Steady state erosion by absorbents used in catalytic convertors

The test standard ASTM G76 outlines a “Standard Test Method for Conducting Erosion Tests by Solid Particle Impingement Using Gas Jets”. The test standard prescribes the use of Ø50 µm alumina (Al₂O₃) particles as erodent, that can impinge the reference material type 1020 steel specimen and generate a steady-state erosion (mg/min). This steady-state erosion rate is important to differentiate materials based on their ability to resist erosion. In this study, we will investigate if such a steady-state erosion rate can be achieved by replacing the alumina erodent with porous media used in catalytic conversions (see Figure 1).
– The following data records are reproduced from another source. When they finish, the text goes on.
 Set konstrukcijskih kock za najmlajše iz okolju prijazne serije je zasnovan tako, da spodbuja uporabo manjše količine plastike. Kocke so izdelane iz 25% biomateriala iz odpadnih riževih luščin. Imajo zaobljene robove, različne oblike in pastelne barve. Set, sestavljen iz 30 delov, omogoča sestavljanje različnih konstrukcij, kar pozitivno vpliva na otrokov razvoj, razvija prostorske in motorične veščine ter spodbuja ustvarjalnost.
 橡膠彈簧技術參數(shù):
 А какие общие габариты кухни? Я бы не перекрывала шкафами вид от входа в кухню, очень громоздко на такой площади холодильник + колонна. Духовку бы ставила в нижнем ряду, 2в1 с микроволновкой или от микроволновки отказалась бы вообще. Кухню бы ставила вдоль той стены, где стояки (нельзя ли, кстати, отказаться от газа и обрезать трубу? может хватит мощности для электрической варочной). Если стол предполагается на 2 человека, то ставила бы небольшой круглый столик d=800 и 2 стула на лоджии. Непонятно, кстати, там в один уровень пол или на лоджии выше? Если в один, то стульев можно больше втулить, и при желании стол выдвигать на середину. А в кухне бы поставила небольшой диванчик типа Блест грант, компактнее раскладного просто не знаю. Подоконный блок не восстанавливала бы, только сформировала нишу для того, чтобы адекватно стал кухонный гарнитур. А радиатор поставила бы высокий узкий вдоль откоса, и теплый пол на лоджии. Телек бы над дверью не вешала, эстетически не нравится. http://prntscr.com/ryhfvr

The goal is to differentiate the porous media based on its harshness towards 1020 steel. 

Figure 1. Porous media type erodent 1, 2 and 3 that was used in catalytic conversion process. 
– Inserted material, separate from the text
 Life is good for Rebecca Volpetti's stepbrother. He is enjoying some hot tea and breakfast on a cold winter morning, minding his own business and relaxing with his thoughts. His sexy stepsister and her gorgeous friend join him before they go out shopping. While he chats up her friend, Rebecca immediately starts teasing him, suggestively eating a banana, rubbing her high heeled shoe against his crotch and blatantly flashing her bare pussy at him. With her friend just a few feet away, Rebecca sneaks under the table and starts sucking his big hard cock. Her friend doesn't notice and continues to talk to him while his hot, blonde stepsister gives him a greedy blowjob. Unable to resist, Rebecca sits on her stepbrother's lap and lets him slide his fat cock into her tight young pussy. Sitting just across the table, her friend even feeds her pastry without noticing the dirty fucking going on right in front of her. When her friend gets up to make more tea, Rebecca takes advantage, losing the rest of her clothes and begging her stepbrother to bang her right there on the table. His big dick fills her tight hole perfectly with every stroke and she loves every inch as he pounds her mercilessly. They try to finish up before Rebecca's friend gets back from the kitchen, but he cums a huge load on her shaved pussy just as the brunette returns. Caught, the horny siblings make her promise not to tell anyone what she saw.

These porous media or absorbents coated with catalysts are used for the industrial production of gasoline from low value feedstock, that can damage the inner surface of the reactor. As shown in Figure 2, these erodent have sizes way smaller than the 50 µm prescribed by the G76 standard for the alumina particle.
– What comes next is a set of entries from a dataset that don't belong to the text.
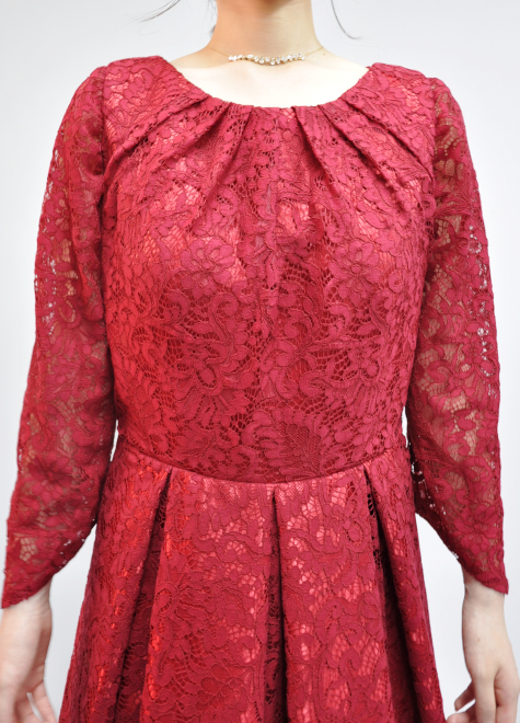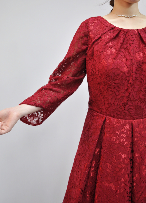 全身総レースの保守的ドレス。
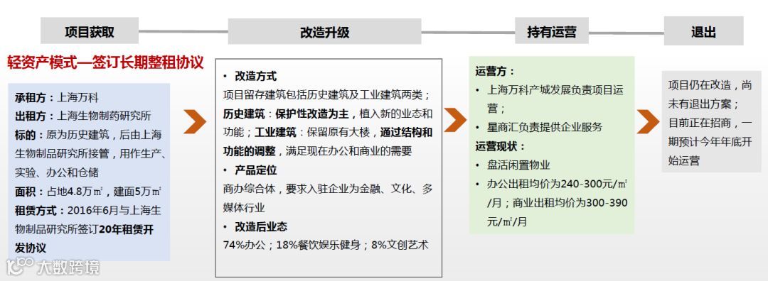 上海万科与原业主签订20年整租协议以轻资产方式获取物业,对项目更新局部改造后,重新定位为商办综合体,仍有由上海万科产城发展空星商汇负责运营管理,目前仍在招租。
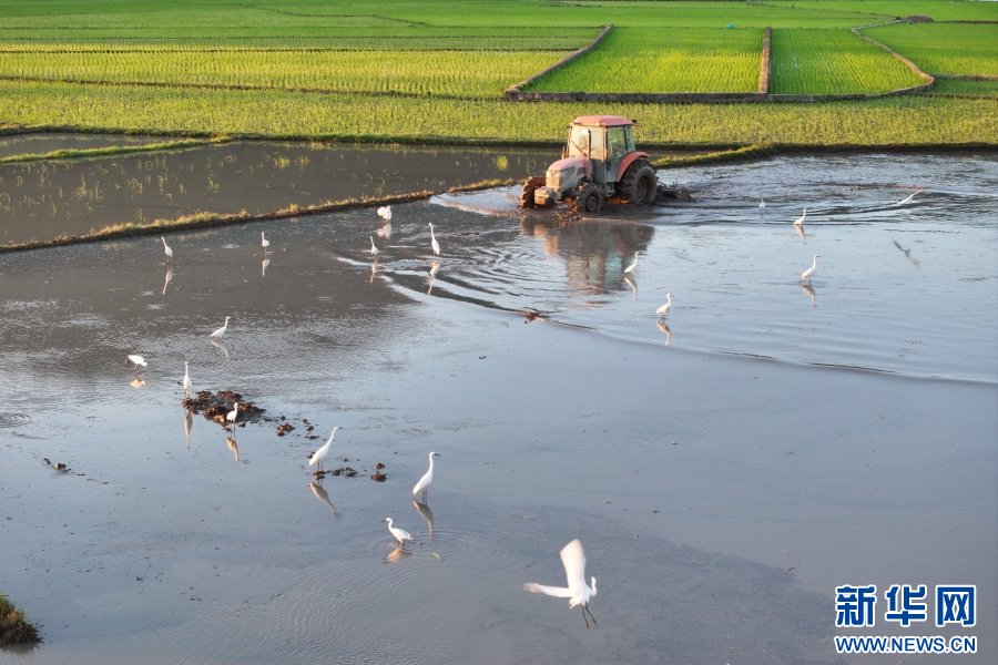 云南省騰沖市和順鎮,農機忙碌,白鷺翩躚(6月15日攝)。新華網發(龔祖金 攝)

Figure 2. Particle size distribution for each of the three catalysts used as erodent in this study.

Porous media was used as erodent in Ducom Air Jet Erosion Tester. Ducom Air Jet Erosion Tester (see Figure 3) is compliant with G 76 and G 211-14. It is designed for erodent and specimens with varying size, shape and material properties. The tests are conducted in an environmentally safe enclosure. The user can choose to heat the closed system up to 1000 deg C.

Figure 3. Ducom Air Jet Erosion Tester with a temperature control to reach 1000 deg C. 

At first our erosion tester was validated using the G76 reference erodent (Alumina from Norton) and type 1020 steel. A steady-state erosion was recorded, that was according to G 76 (see Figure 4). It offers a safe level of confidence that our data can be reproduced on other erosion testers compliant with G 76. 

Figure 4. Typical evolution of mass loss over test time for a G76 test. Alumina and Type 1020 steel were used are erodent and target specimen, respectively.

The results from porous media erodent indicates a steady state increase in the mass loss of 1020 steel over a 16 min test duration. This phenomenon was observed for the erodent 1, 2 and 3 (see Figure 5). 

Figure 5. Evolution of mass loss of 1020 steel for erodent 1, 2 and 3.

The slope in this steady-state erosion was used to determine the total volume loss, that is used to determine the harshness of erodent 1, 2 and 3 against 1020 steel (see Figure 6).  The smaller size erodent 3 showed mild erosion compared to bigger size erodent 1 and 2. Note: Smaller size erodent have lower kinetic energy compared to bigger erodent (assuming that the density and angularity are the same), and erosion wear is proportional to kinetic energy. 

Figure 6. Total volume loss of 1020 steel against erodent 1, 2 and 3. 

Key Conclusions:

1. Porous media used in catalytic conversions show steady-state erosion on 1020 steel. 

2. Ducom Air Jet Erosion Tester that is designed according to G 76 was useful in selection of least erosive porous media, that can reduce wear of reactor materials.